Christian Leyrit et Johnny Wahl, très écoutés
Thierry Guerrier invite les Rétais à poser d’autres questions. Sylvain Berjon intervient comme il l’avait déjà fait à Sainte-Marie sur le mythe de l’éolien, comme énergie inépuisable (lire notre article en page 27 de cette édition).
Puis l’ancien préfet Christian Leyrit, qui fut président de la CNDP de 2013 à 2018, prend la parole pour rappeler que celle-ci est indépendante du Gouvernement. « Votre parole a du poids, elle peut compter. Entre 2002 et 2018, sur les projets soumis à débat public, un tiers ont été abandonnés ou modifiés de façon substantielle, un tiers ont fait l’objet de modifications limitées et un tiers ont été menés tels que prévus. S’il salue certains débats publics qui interviennent bien en amont des décisions, il reconnaît aussi qu’« en matière de projets éoliens, les débats que nous avons pu mener dans le passé étaient souvent des faux débats, qui étaient organisés alors que tout était déjà décidé par le consortium déjà retenu. Je suis intervenu auprès des Gouvernements successifs pour dénoncer ces faux débats et les informer que la CNDP n’en organiserait plus dans ces conditions ». « Mais il est possible de demander des contre-expertises auprès d’experts indépendants de l’Etat », conclue-t-il.

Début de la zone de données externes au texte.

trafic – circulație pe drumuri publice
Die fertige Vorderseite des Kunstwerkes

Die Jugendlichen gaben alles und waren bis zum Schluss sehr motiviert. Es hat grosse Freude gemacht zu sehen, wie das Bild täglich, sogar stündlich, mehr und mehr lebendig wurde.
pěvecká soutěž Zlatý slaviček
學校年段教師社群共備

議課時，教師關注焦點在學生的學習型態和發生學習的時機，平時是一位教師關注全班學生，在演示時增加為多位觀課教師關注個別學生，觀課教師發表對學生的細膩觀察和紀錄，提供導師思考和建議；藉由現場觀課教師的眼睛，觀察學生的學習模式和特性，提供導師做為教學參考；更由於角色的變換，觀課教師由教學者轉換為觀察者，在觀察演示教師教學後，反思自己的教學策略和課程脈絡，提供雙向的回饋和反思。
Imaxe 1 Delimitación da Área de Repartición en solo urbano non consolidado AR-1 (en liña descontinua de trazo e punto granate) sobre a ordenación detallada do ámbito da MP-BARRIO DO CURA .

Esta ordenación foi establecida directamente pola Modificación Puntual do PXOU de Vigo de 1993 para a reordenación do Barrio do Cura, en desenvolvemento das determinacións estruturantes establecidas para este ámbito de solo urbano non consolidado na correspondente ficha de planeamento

C’est à ce moment que décide de s’exprimer Johnny Wahl, patron pêcheur de l’Oiseau bleu à Oléron, premier vice-président du Comité régional des pêches et président du Syndicat national pour la défense des pêcheurs artisans (Synadepa). Il rappelle que tous les comités de pêche ont voté contre ce projet, ne voyant aucun intérêt pertinent à l’éolien. « Comment arrive-t-on à décarboner avec de l’éolien qui tourne à 23 % ? Quant à l’emprise spatiale, elle ne rend aucune coexistence possible, les pêcheurs n’ont pas le droit de pêcher dans les parcs, cela a été décidé au niveau européen. Quant à l’effet récif, il ne fonctionne pas, selon des études menées sur dix ans. Les espèces endémiques disparaissent. Il existe des parcs éoliens off-shore abandonnés en Allemagne. »

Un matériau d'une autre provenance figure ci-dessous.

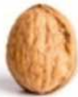
ch = ł
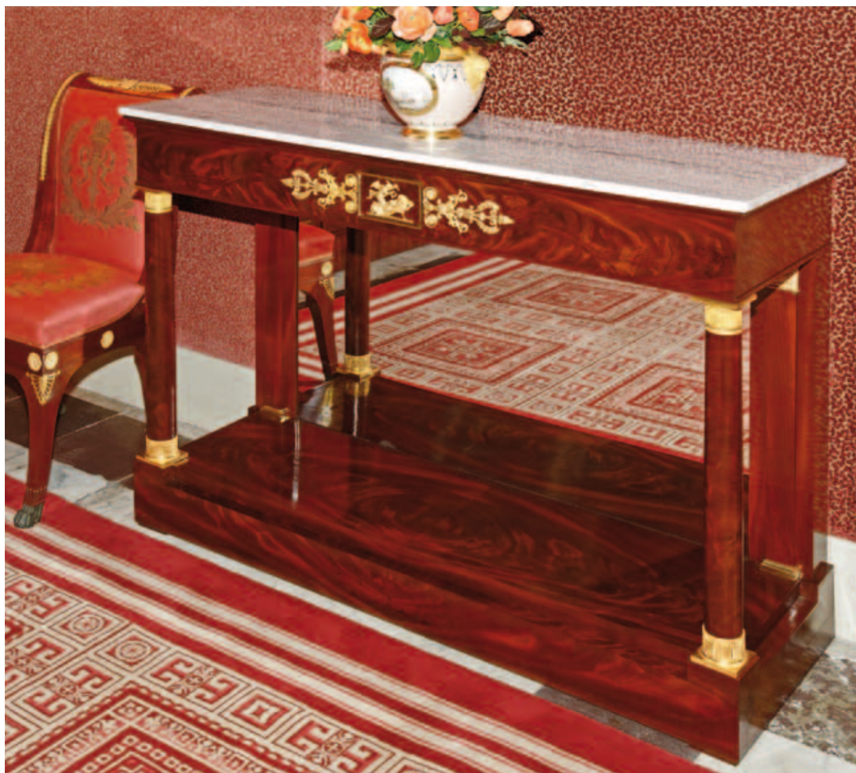
9. De consoletafel geleverd door Carel Breyt spraak sr. (inv. nr. KP 4123) in mei 1809 voor het appartement van de kroonprins, in de nieuwe opstelling

De consoletafel (inv.nr. KP 4123) is opgebouwd uit eiken blindhout met mahonie fineer (afb.9). Hij heeft
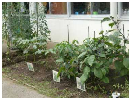
2年生の栽培している野菜 トマト、ナス、オクラです。
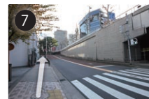
7 道なりに、緩やかな上り坂をのぼってください
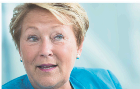
PEDRO RUIZ LE DEVOIR

Extraits de l'allocution que prononcera samedi Pauline Marois lors du colloque organisé par la Société Saint-Jean-Baptiste à l'occasion du 40 e anniversaire de l'accession au pouvoir du Parti québécois.
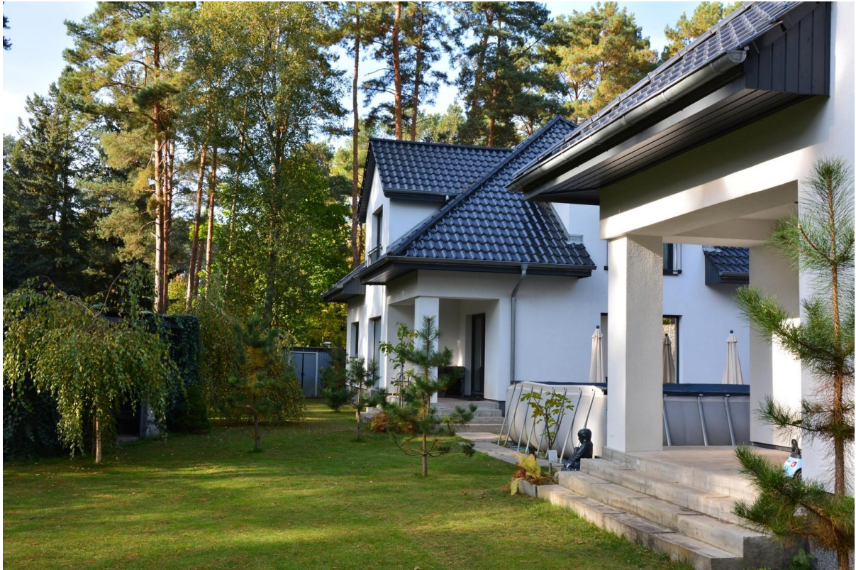
Blick von Haus 1 zu Haus 2
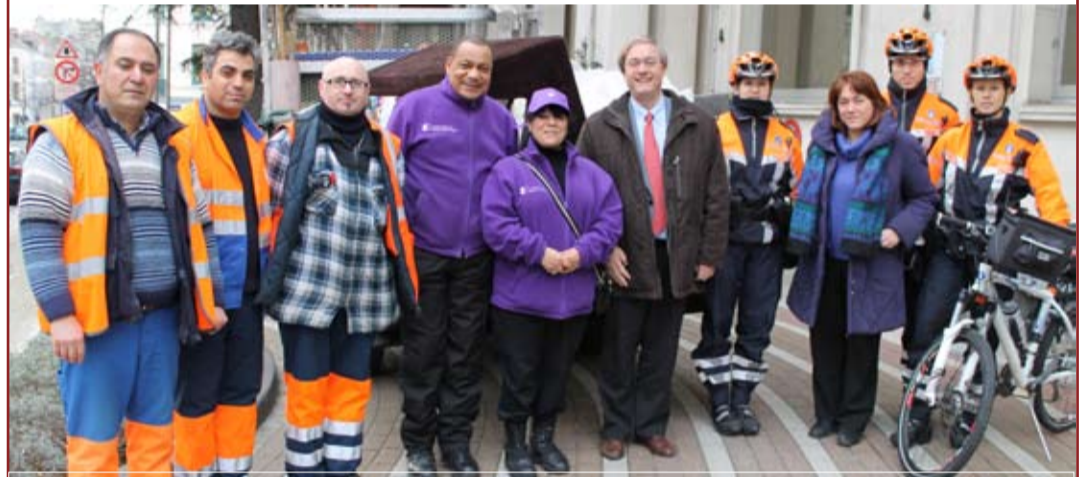
Les membres de la Brigade, accompagnés du Bourgmestre et de l'Echevine des Travaux publics.
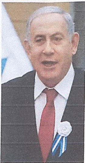
Benjamin Netanyahu, primer ministro israelí.

rentes, acusaciones que él califica de "caza de brujas". El fiscal Avichai Mandelblit decidirá si se imputa o no al primer ministro por corrupción, fraude y abuso de confianza en uno o varios de los casos, identificados con códigos de cuatro cifras. En el "expediente 1,000", se acusa a Netanyahu de haber recibido más de 700,000 séqueles (unos 185,000 euros) de regalos de parte de riquísimas personalidades, en especial del productor australiano James Packer, a cambio de favores financieros o personales. AFP
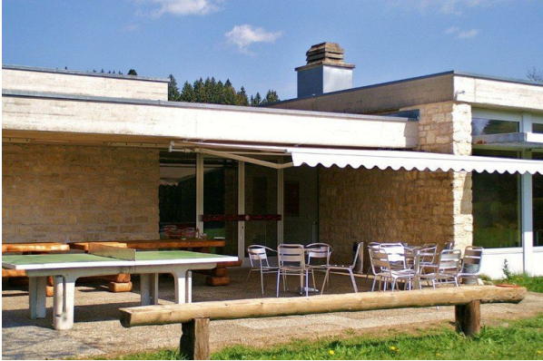
Studienheim, La Ferrière www.studienheim.ch
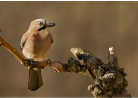
Eichelhäher - Gesine Butke
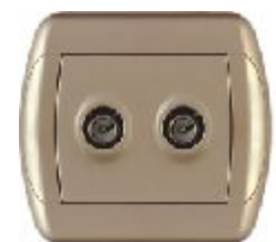
TV priključnica sa dva modula (zlatna) IEC 169-2; CEI EN 50083-1, -2, -4; Priključnik ak: antenski konektor IP 20

Broj artikla: 15.71.092 (prolazno / završna) 15.71.091 (završna)
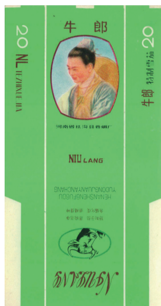
河南省扶沟县卷烟厂出品牛郎烟标
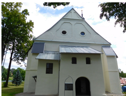
3.Kostel sv.Martina JINDŘICHOVICÍCH
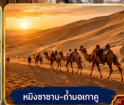
หมิงซาฮาน-กำมอเกา
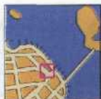
JACKSON SQUARE 146

« La Convention Aarhus donne aux peuples le pouvoir de dire non, elle n’est pas respectée en France. Partout les avis de la population sont hostiles entre 60 à 86 % à ces projets éoliens, l’Etat s’assoit joyeusement dessus. Et comment peut-on donner son avis favorable ou défavorable sans avoir d’études d’impact. Il faut se projeter dans 40 ans, la sécurité énergétique ne sera pas acquise avec l’éolien, intermittent. 82 % des bateaux de pêche en Charente-Maritime font moins de 12 mètres et sortent à moins de 20 milles des côtes. On risque de remettre en cause 9 000 emplois non délocalisables pour de l’éolien où tout est importé, et payé par la France, on fout tout en l’air. »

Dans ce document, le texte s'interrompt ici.